TO DO
Beginning with the line that has "Toto neuvěřitelně rychlé" and ending with the line that has "近日,国家能源局针对《关于大", retype the entries below exactly, except for the pictures.

MATERIAL FOR THE TASK
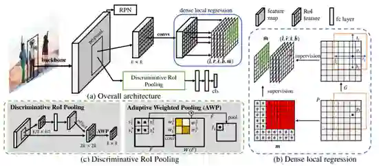 作者提出了一种新两阶段对象检测网络模型D2Det,实现高精度定位与准确分类,采用密集局部回归预测多个密集Boxes从而达到新的Box定位精度。作者提出了一种可判别的ROI池化策略提升了分类准确率。方法基于标准的Faster RCNN网络改进,其中的框迁移回归被替换为新提出的密集局部回归网络。整个网络的模型结构如下:
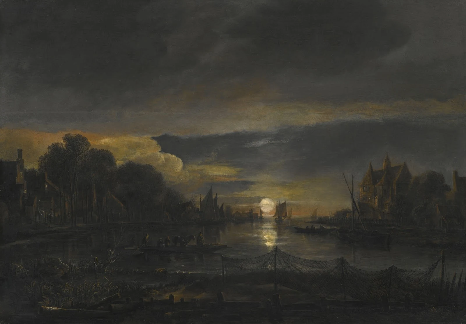Aert van der Neer, Aert also called Aernout (born 1603/04, Gorinchem [also called Gorkum, or Gorcum] or Amsterdam, Netherlands - died November 9, 1677, Amsterdam) Dutch painter of the Baroque period, famous for his nocturnal landscapes and winter scenes. His mastery of light effects is revealed in his many darkened landscapes lit by a full moon or a burning building as well as by his sensitivity to the appearance of light on water and ice.
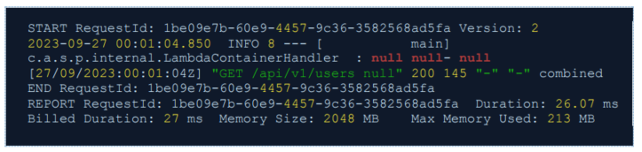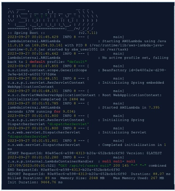 아래의 Log 는 Cold Start 가 발생한 경우이며, 새로운 인스턴스가 실행되어 Spring Boot이 Bootstrap 하는 Log를 확인할 수 있습니다.
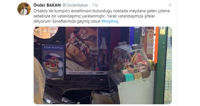 Beşiktaş Kaymakamı Önder Bakan, Ortaköy'de meydana gelen olayın ardından Twitter hesabından paylaşımda bulunarak, aşağıdaki ifadelere yer verdi:
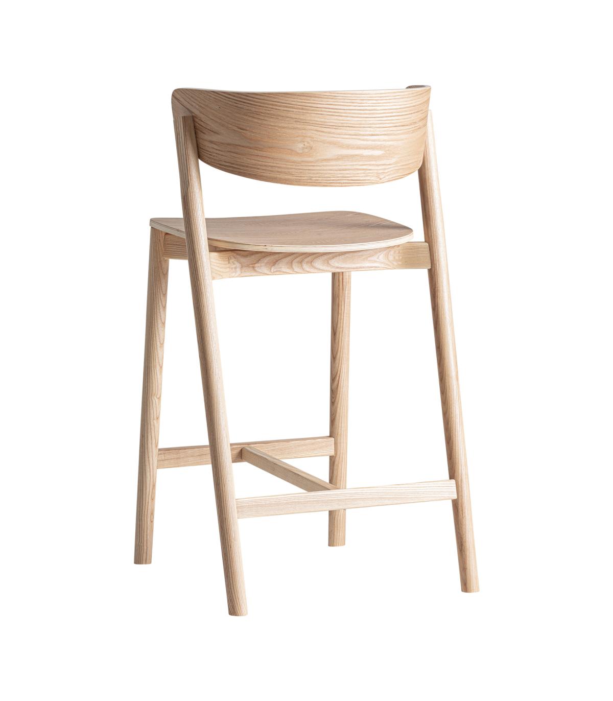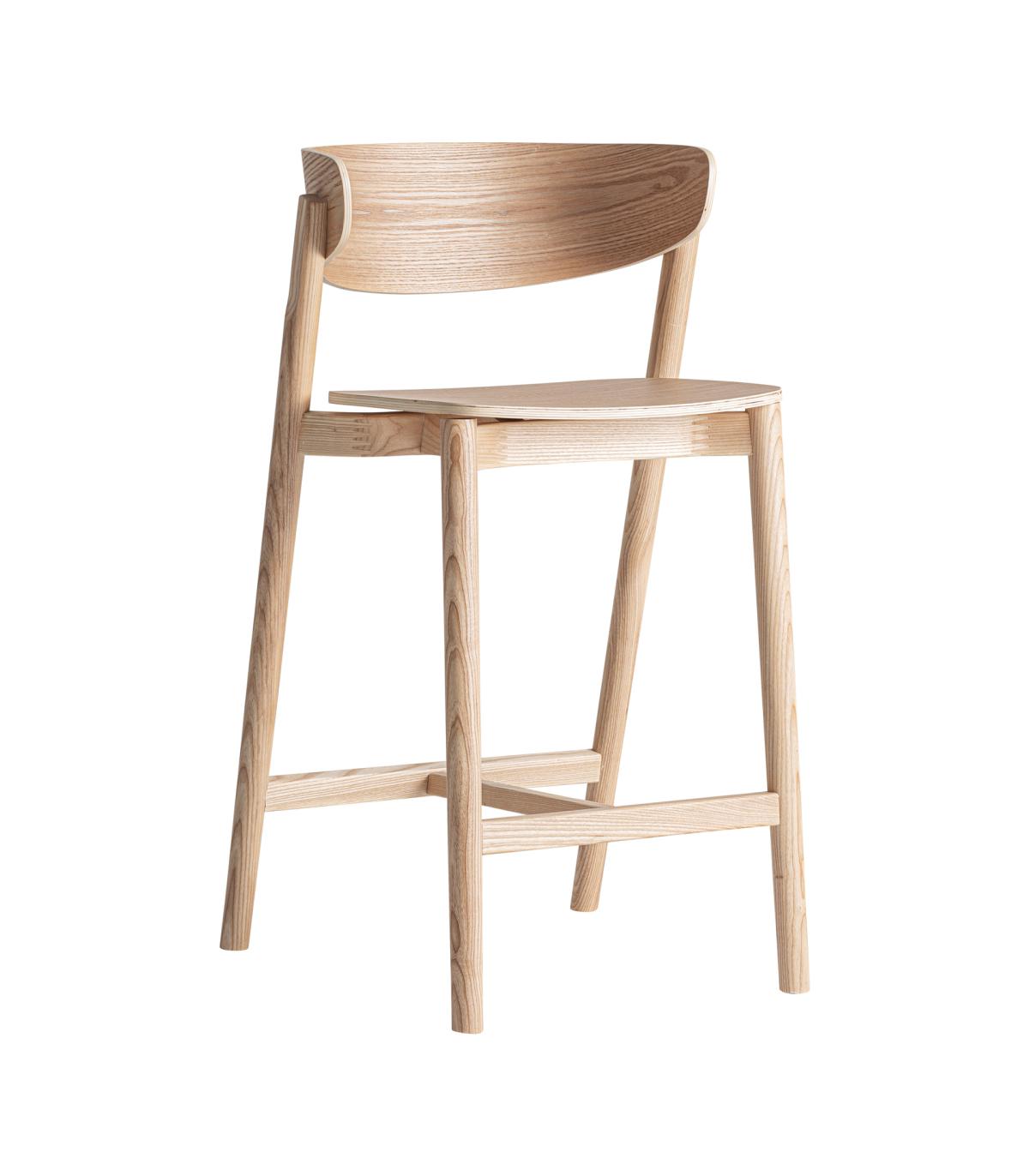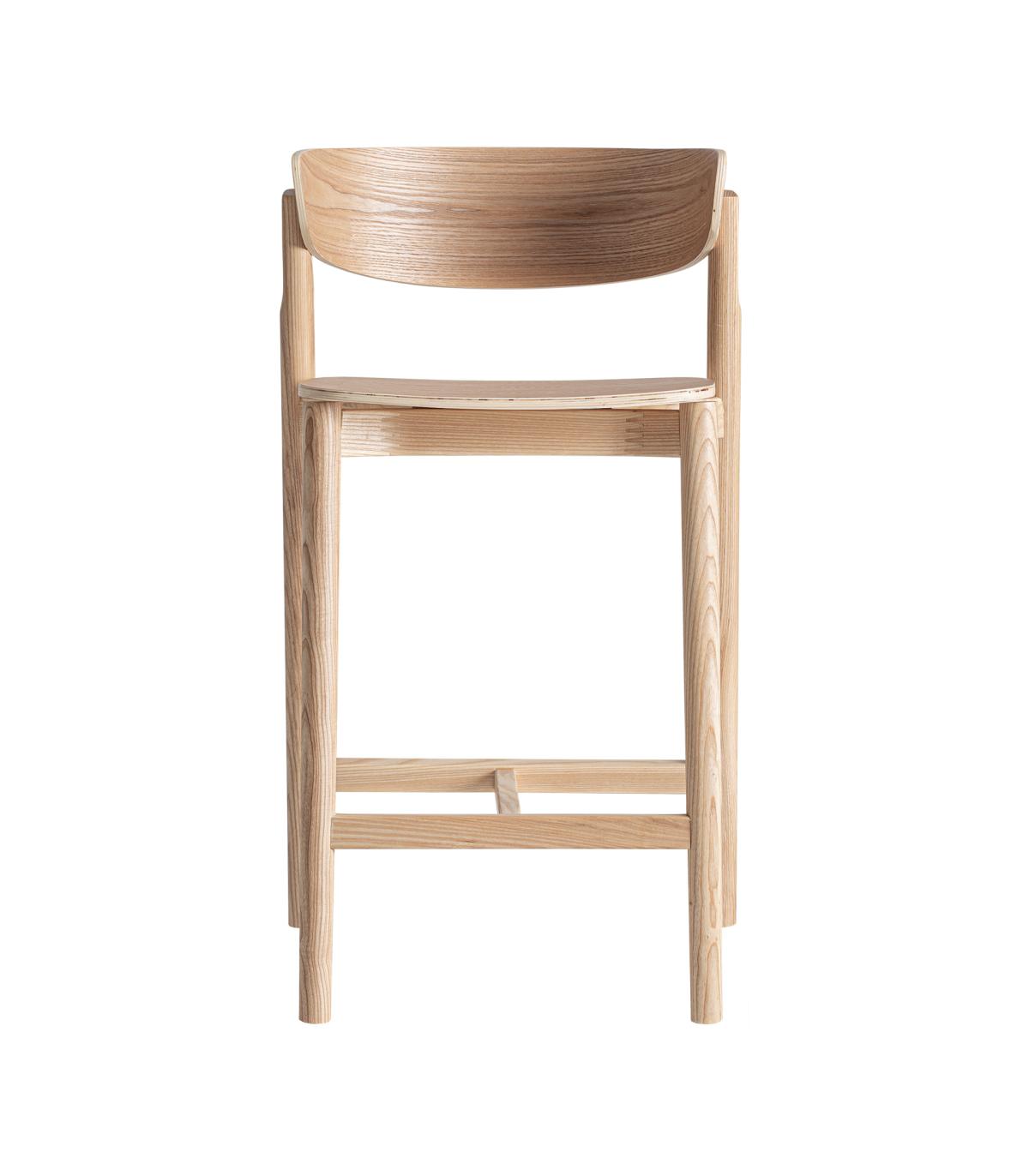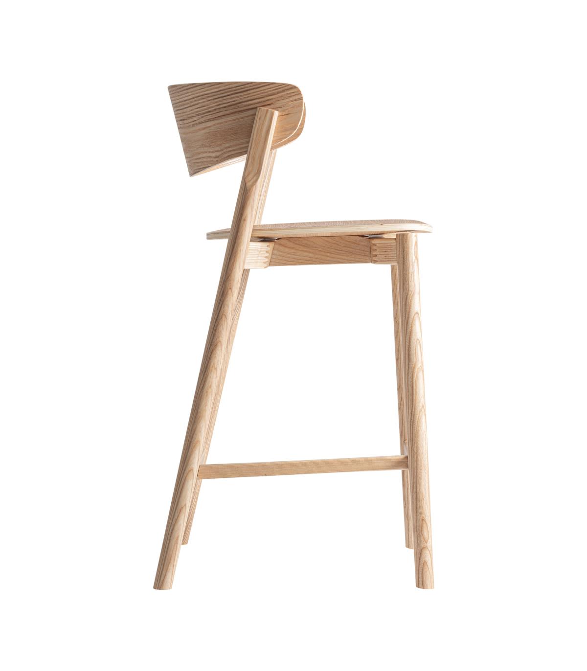 Taburete, fabricado en madera de fresno en color marrón claro, combinado con madera contrachapada.
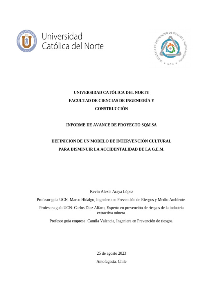 Profesor guía UCN: Marco Hidalgo, Ingeniero en Prevención de Riesgos y Medio Ambiente.
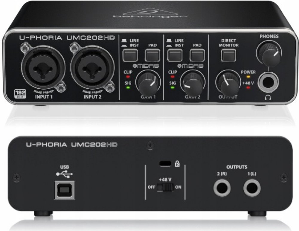 Toto neuvěřitelně rychlé USB 2.0 studio v boxu vám umožní během několika minut nahrát další mistrovská díla, ať už bude připojeno na mikrofony, kytary, baskytary nebo klávesy. Zaznamenejte perfektní vokály přímo na DAW v PC, k dispozici máte dva úžasně čisté mikrofonní předzesilovače Midas, které nabízí i fantomové napájení +48 V pro kondenzátorové mikrofony. Pro nejlepší možnou kvalitu zvuku signál prochází převodníky 24 bit/192 kHz studiové kvality. Ať už jste zpěvák, skladatel, producent na cestách nebo potřebujete pro vaše tracky na koncertech solidní rozhraní, ultra-spolehlivý U-PHORIA UMC202HD vám pomůže v digitální oblasti zazářit. Studio v malém černém boxu Když nastane čas podívat se na historii nahrávání na váš Mac nebo Windows, připojte mikrofony, nástroje nebo zdroje linkové úrovně na 2 kombinované XLR / TRS vstupy na UMC202HD, maximální flexibilita ve studiu je zaručena! Přesnost 192 kHz Vaše tracky berete vážně a UMC202HD to respektuje. Proto vám dokáže nabídnout rozlišení až 192 kHz, i pro ty nejnáročnější aplikace pro hudební a video post produkce. Pracujte s důvěrou a precizností, tvořte ve svém oblíbeném nahrávacím softwaru, profesionální výsledky jsou vždy zaručeny.
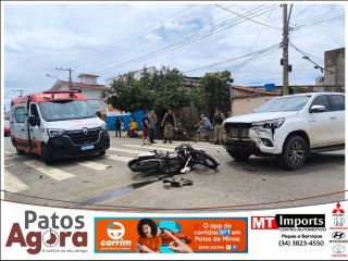 Condutor de Hilux avança parada obrigatória e atinge motocicleta em Patos de Minas
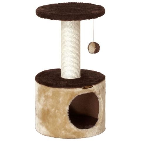 なわを巻いた柱は全面爪磨き●安心、そしてリラックスできるルームの上にサイザル麻巻きつめ磨きと見晴らせるステップが付いた愛猫用小型爪みがきタワー。
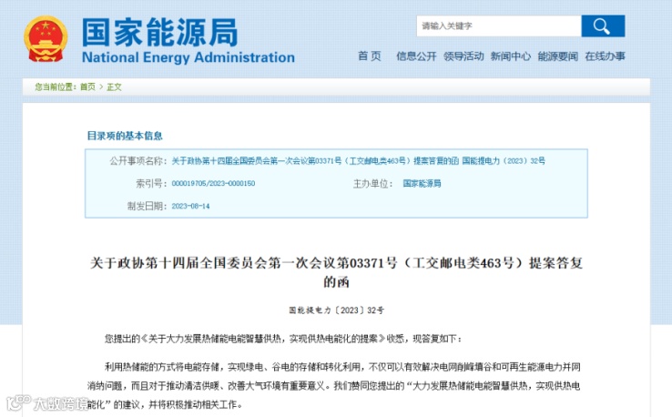 近日,国家能源局针对《关于大力发展热储能电能智慧供热,实现供热电能化的提案》的政策建议进行答复,答复中提到:鼓励在电力资源充足地区,综合运用各类热泵、高效电锅炉等多种方式推进电供暖,积极发展电供暖与蓄热相结合供暖模式,鼓励建设具备蓄热功能的电供暖设施,促进风电和光伏发电等可再生能源电力消纳。
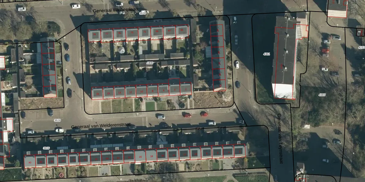 Het perceel waarop Generaal van Welderenstraat 2 staat heeft een oppervlakte van 4131 m². Dit is een zeer groot perceel. De perceeloppervlakte wordt geregistreerd door het Kadaster. Gedetailleerde informatie over de maten van dit perceel kunt u vinden in het rapport Kadastrale kaart met maatvoering van Generaal van Welderenstraat 2.
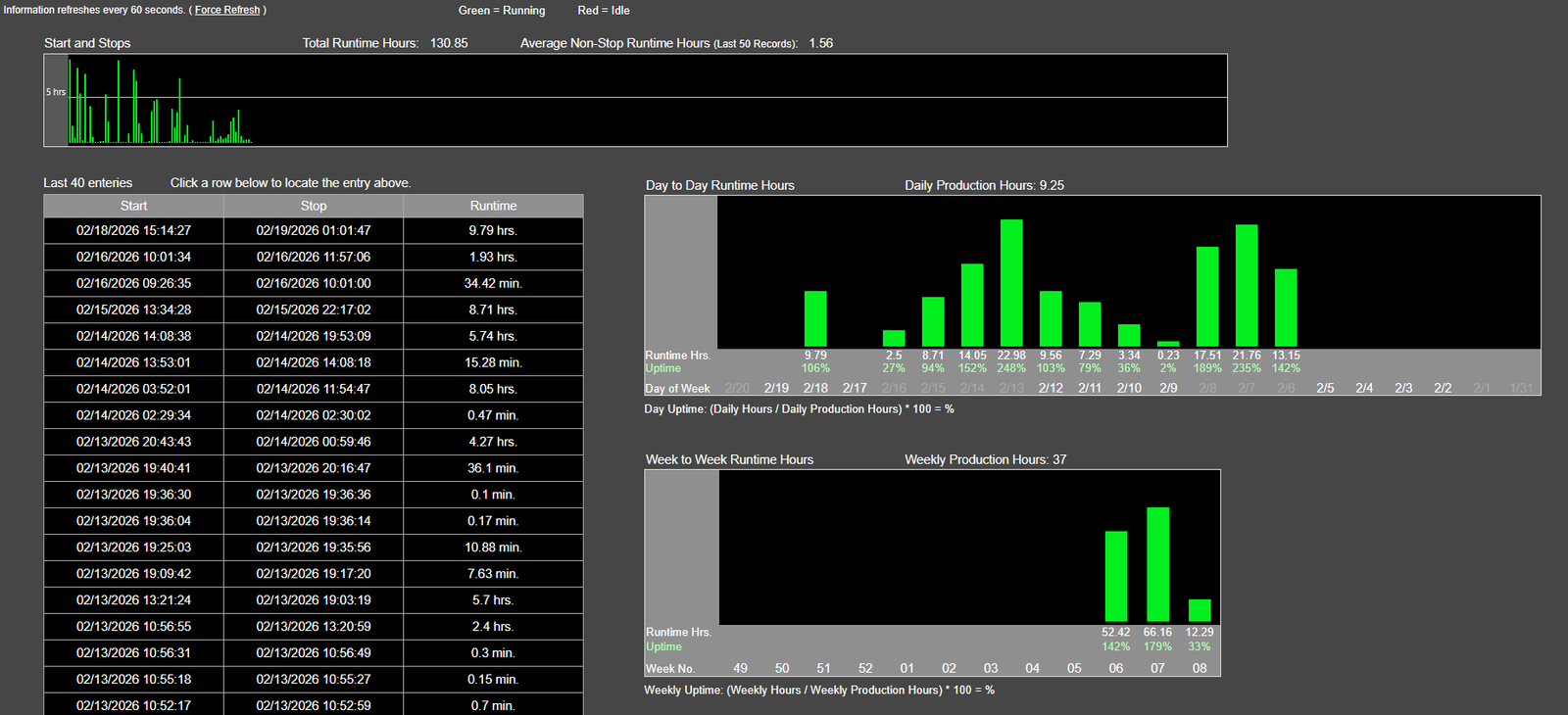 With the RFCMMS Middleware application, you can get the live starts and stops of your machines. To learn more about this feature, select the link to the left for more information. A report has been created to show "Starts and Stops", Total Runtime, Daily Runtime, Weekly Runtime, Average Runtime and what other machines are currently running. This report helps to make informed scheduling decisions.
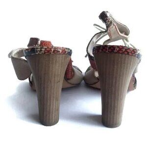 Tracy Reese Annie Snakeskin Block Wooden Chunky Heel Lace Up Strappy Sandal 39.5
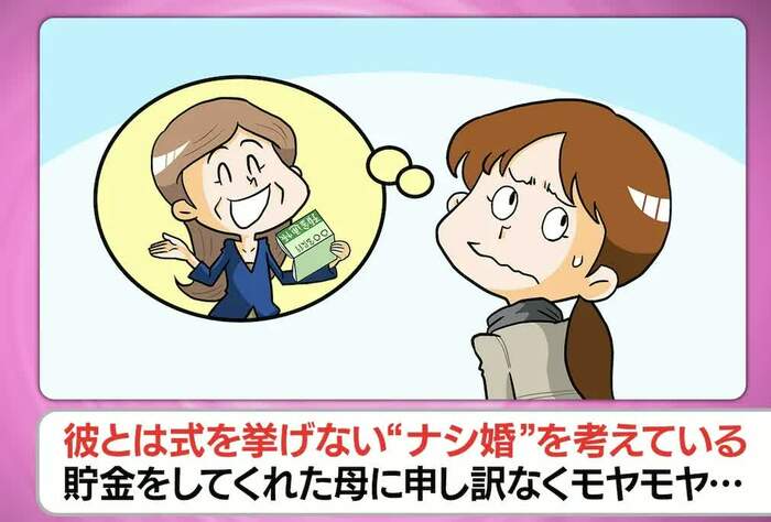 「母が結婚式の資金を貯金してくれているのだが、彼とは経済的な理由で結婚式をしない『ナシ婚』を検討中。母に申し訳なくてモヤモヤする」という、女性のお悩みも登場しました。

TASK RESULT
 Toto neuvěřitelně rychlé USB 2.0 studio v boxu vám umožní během několika minut nahrát další mistrovská díla, ať už bude připojeno na mikrofony, kytary, baskytary nebo klávesy. Zaznamenejte perfektní vokály přímo na DAW v PC, k dispozici máte dva úžasně čisté mikrofonní předzesilovače Midas, které nabízí i fantomové napájení +48 V pro kondenzátorové mikrofony. Pro nejlepší možnou kvalitu zvuku signál prochází převodníky 24 bit/192 kHz studiové kvality. Ať už jste zpěvák, skladatel, producent na cestách nebo potřebujete pro vaše tracky na koncertech solidní rozhraní, ultra-spolehlivý U-PHORIA UMC202HD vám pomůže v digitální oblasti zazářit. Studio v malém černém boxu Když nastane čas podívat se na historii nahrávání na váš Mac nebo Windows, připojte mikrofony, nástroje nebo zdroje linkové úrovně na 2 kombinované XLR / TRS vstupy na UMC202HD, maximální flexibilita ve studiu je zaručena! Přesnost 192 kHz Vaše tracky berete vážně a UMC202HD to respektuje. Proto vám dokáže nabídnout rozlišení až 192 kHz, i pro ty nejnáročnější aplikace pro hudební a video post produkce. Pracujte s důvěrou a precizností, tvořte ve svém oblíbeném nahrávacím softwaru, profesionální výsledky jsou vždy zaručeny.
 Condutor de Hilux avança parada obrigatória e atinge motocicleta em Patos de Minas
 なわを巻いた柱は全面爪磨き●安心、そしてリラックスできるルームの上にサイザル麻巻きつめ磨きと見晴らせるステップが付いた愛猫用小型爪みがきタワー。
 近日,国家能源局针对《关于大力发展热储能电能智慧供热,实现供热电能化的提案》的政策建议进行答复,答复中提到:鼓励在电力资源充足地区,综合运用各类热泵、高效电锅炉等多种方式推进电供暖,积极发展电供暖与蓄热相结合供暖模式,鼓励建设具备蓄热功能的电供暖设施,促进风电和光伏发电等可再生能源电力消纳。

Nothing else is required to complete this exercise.